▶ _WHAT IS NEEDED_: For this exercise, the lines from the one with "Considerado um esporte" through the final line of the data below are to be transcribed exactly, and pictures are to be skipped.

▶ _INFORMATION SUPPLIED_:
"""
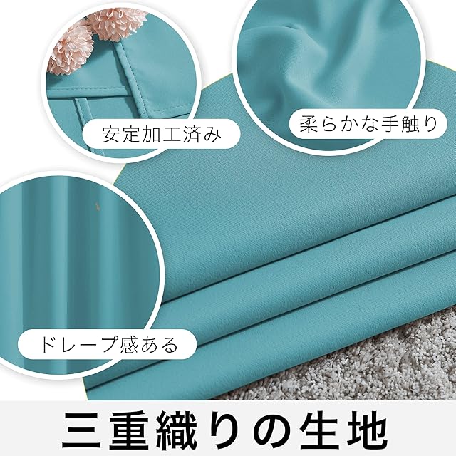 【多種機能】断熱・防寒・防音・家具保護。トリプル織りの遮光生地は、夏の暑さと冬の寒さから断熱することで、室温のバランスを取ります。 厚いドレープカーテンで効果的に騒音を減らせます。家具、床、アートワークを太陽の破壊から保護します。
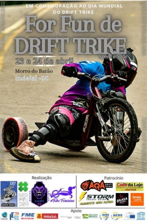 Considerado um esporte radical, o Drift Trike consiste em descer ladeiras em alta velocidade num percurso com curvas desafiadoras. “Indaial é a Cidade Sul-Americana do Desporto e contempla diversas modalidades. Todos são convidados a prestigiar o circuito”, diz o diretor-presidente da FME, Ademir Packer. O acesso do público ao evento é livre, sem cobrança de ingresso.
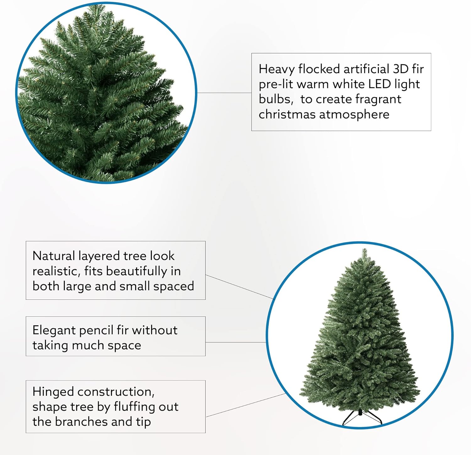 - EASY TO ASSEMBLE : Our Spruce Christmas Tree features hinged branches, making assembly and disassembly very convenient. The Branches fall easily in place for fluffing and are easy to fold back up for storage. Our Proprietary Packaging ensures the safe delivery of the christmas tree to your home.
"""
▶ _ANSWER SECTION_:
 Considerado um esporte radical, o Drift Trike consiste em descer ladeiras em alta velocidade num percurso com curvas desafiadoras. “Indaial é a Cidade Sul-Americana do Desporto e contempla diversas modalidades. Todos são convidados a prestigiar o circuito”, diz o diretor-presidente da FME, Ademir Packer. O acesso do público ao evento é livre, sem cobrança de ingresso.
 - EASY TO ASSEMBLE : Our Spruce Christmas Tree features hinged branches, making assembly and disassembly very convenient. The Branches fall easily in place for fluffing and are easy to fold back up for storage. Our Proprietary Packaging ensures the safe delivery of the christmas tree to your home.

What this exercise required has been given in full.